_Collected data entries_.
+++
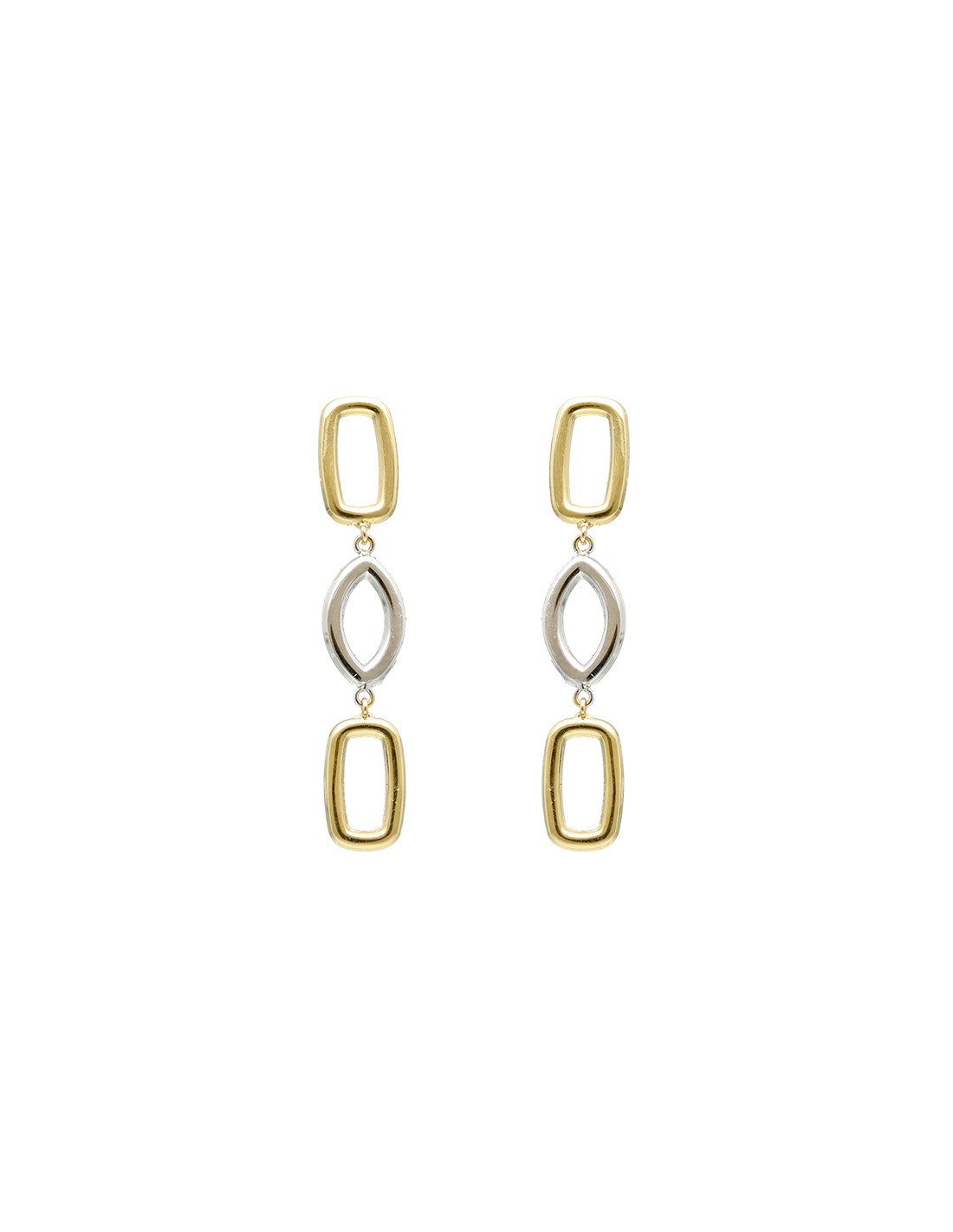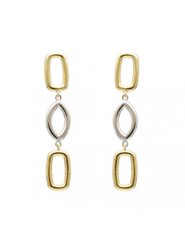 Pendientes largos, en oro blanco y amarillo de 18 quilates con formas cuadradas y ovales caladas
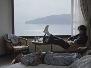 「第67回 ロカルノ国際映画祭」新鋭監督コンペ部門に正式出品された『息を殺して』(2014)や、「第74回 ヴェネチア国際映画祭」オリゾンティ部門に正式出品された『泳ぎすぎた夜』(2018)など、世界が注目する新鋭監督の一人である五十嵐耕平監督の最新作『水魚之交』は、海の見える古い観光ホテルへ旅行に来た佐野と宮田、2人の幼なじみが過ごす時間を描いた20分の短編作品。陰謀論に傾倒する宮田と、そんな宮田の考えを否定する佐野は口論になるが、その時、認知症を患う宮田の父親から電話がかかってきて……。
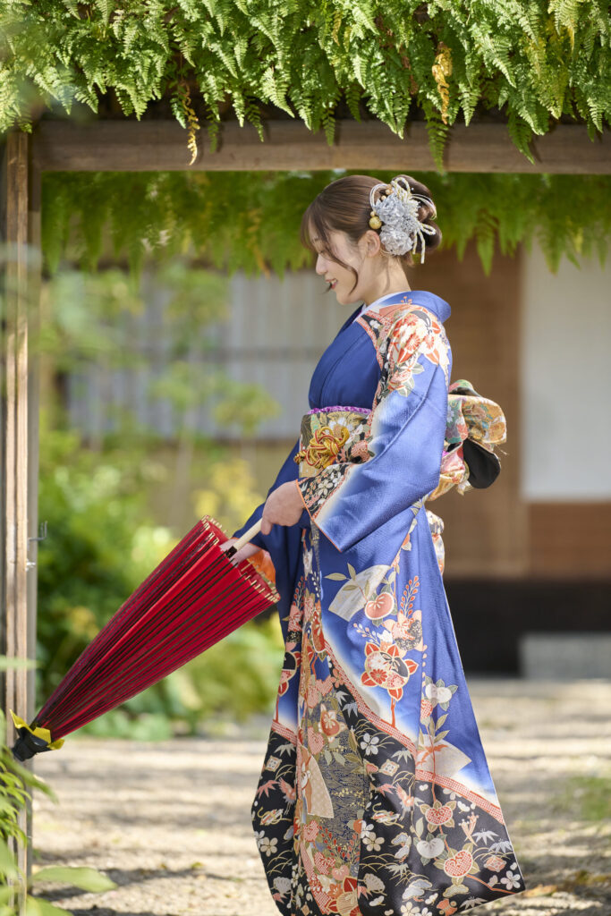撮影場所でのお支度なので、時間に追われることもなく、鏡の前でゆっくりと振袖に袖を通し、髪を整える時間。少しずつ変わっていく自分の姿を見つめる、そんな落ち着いたひとときをぜひ味わっていただけたらと思います。
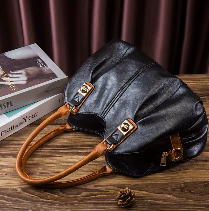 Grand sac cabas avec double anses rigides et fermeture zippée.
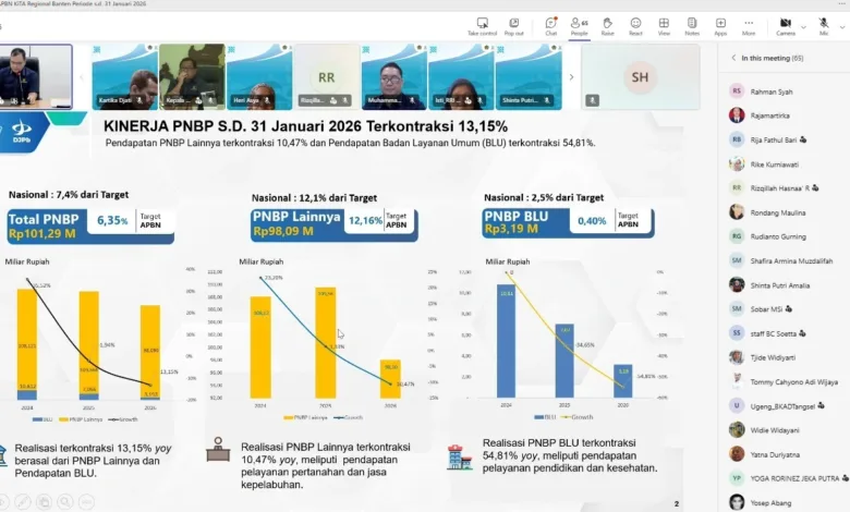 SERANG,Krakataupos.com  – Kinerja Anggaran Pendapatan dan Belanja Negara (APBN) di Provinsi Banten pada awal tahun 2026 menunjukkan tren yang tetap terjaga. Hingga 31 Januari 2026, realisasi belanja negara dan penyaluran Transfer ke Daerah (TKD) tercatat tumbuh positif, meski penerimaan negara bukan pajak (PNBP) mengalami kontraksi. Hal tersebut disampaikan jajaran pimpinan Kemenkeu Satu Regional Banten dalam pemaparan kinerja fiskal regional.
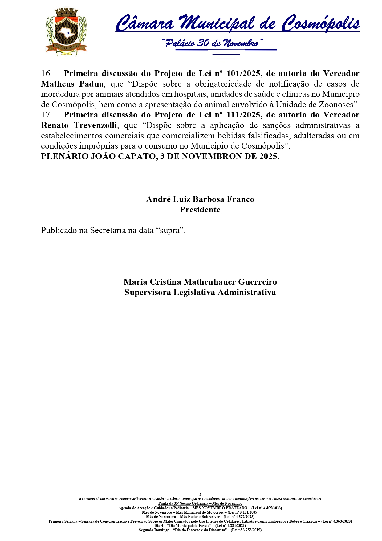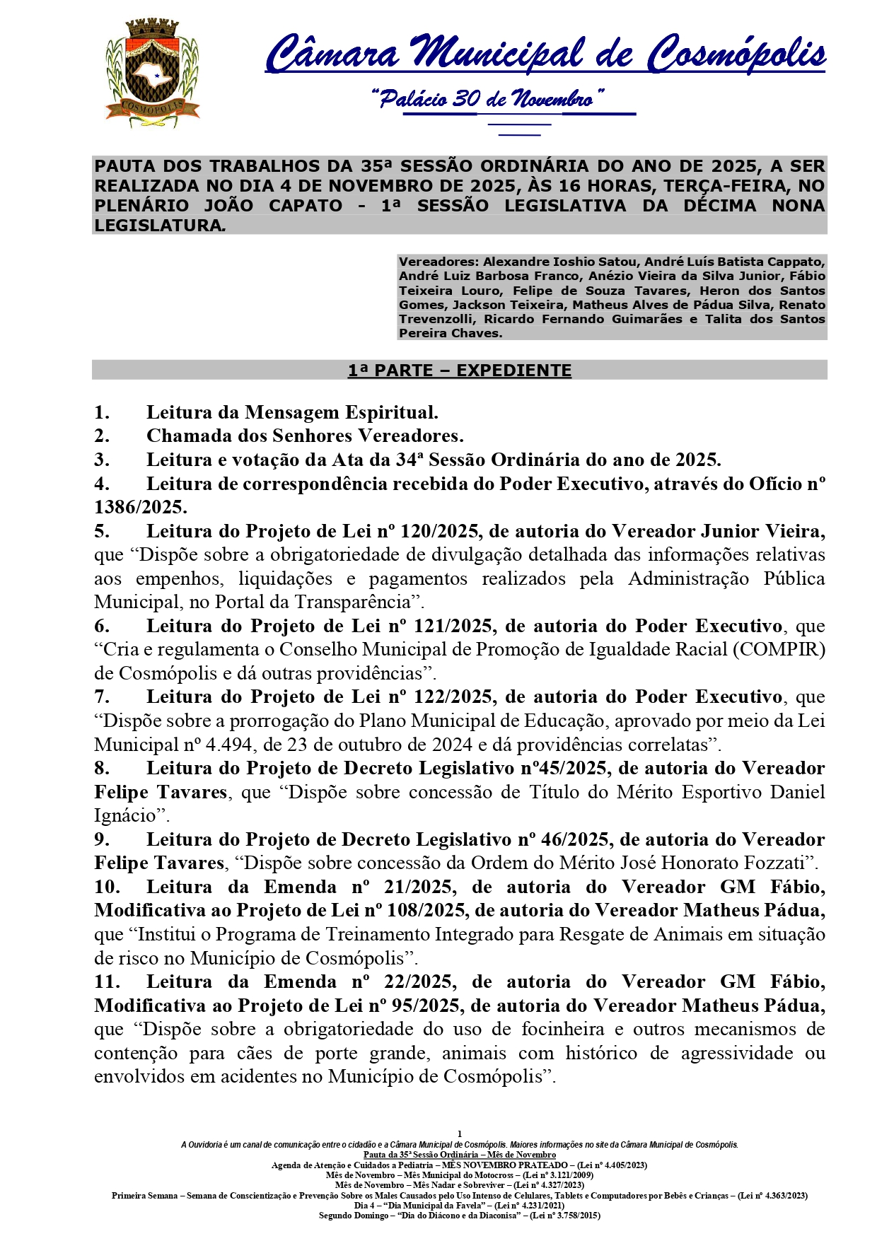 A Câmara de Cosmópolis realiza nesta terça-feira (04) a 35ª Sessão Ordinária de 2025. O encontro dos vereadores começa às 16h, no Plenário João Capato, e é aberto ao público. Durante a reunião, os vereadores discutirão projetos de lei, requerimentos e moções.
+++
Go through the data above and transcribe it in full, omitting any image.

 Pendientes largos, en oro blanco y amarillo de 18 quilates con formas cuadradas y ovales caladas
 「第67回 ロカルノ国際映画祭」新鋭監督コンペ部門に正式出品された『息を殺して』(2014)や、「第74回 ヴェネチア国際映画祭」オリゾンティ部門に正式出品された『泳ぎすぎた夜』(2018)など、世界が注目する新鋭監督の一人である五十嵐耕平監督の最新作『水魚之交』は、海の見える古い観光ホテルへ旅行に来た佐野と宮田、2人の幼なじみが過ごす時間を描いた20分の短編作品。陰謀論に傾倒する宮田と、そんな宮田の考えを否定する佐野は口論になるが、その時、認知症を患う宮田の父親から電話がかかってきて……。
撮影場所でのお支度なので、時間に追われることもなく、鏡の前でゆっくりと振袖に袖を通し、髪を整える時間。少しずつ変わっていく自分の姿を見つめる、そんな落ち着いたひとときをぜひ味わっていただけたらと思います。
 Grand sac cabas avec double anses rigides et fermeture zippée.
 SERANG,Krakataupos.com  – Kinerja Anggaran Pendapatan dan Belanja Negara (APBN) di Provinsi Banten pada awal tahun 2026 menunjukkan tren yang tetap terjaga. Hingga 31 Januari 2026, realisasi belanja negara dan penyaluran Transfer ke Daerah (TKD) tercatat tumbuh positif, meski penerimaan negara bukan pajak (PNBP) mengalami kontraksi. Hal tersebut disampaikan jajaran pimpinan Kemenkeu Satu Regional Banten dalam pemaparan kinerja fiskal regional.
 A Câmara de Cosmópolis realiza nesta terça-feira (04) a 35ª Sessão Ordinária de 2025. O encontro dos vereadores começa às 16h, no Plenário João Capato, e é aberto ao público. Durante a reunião, os vereadores discutirão projetos de lei, requerimentos e moções.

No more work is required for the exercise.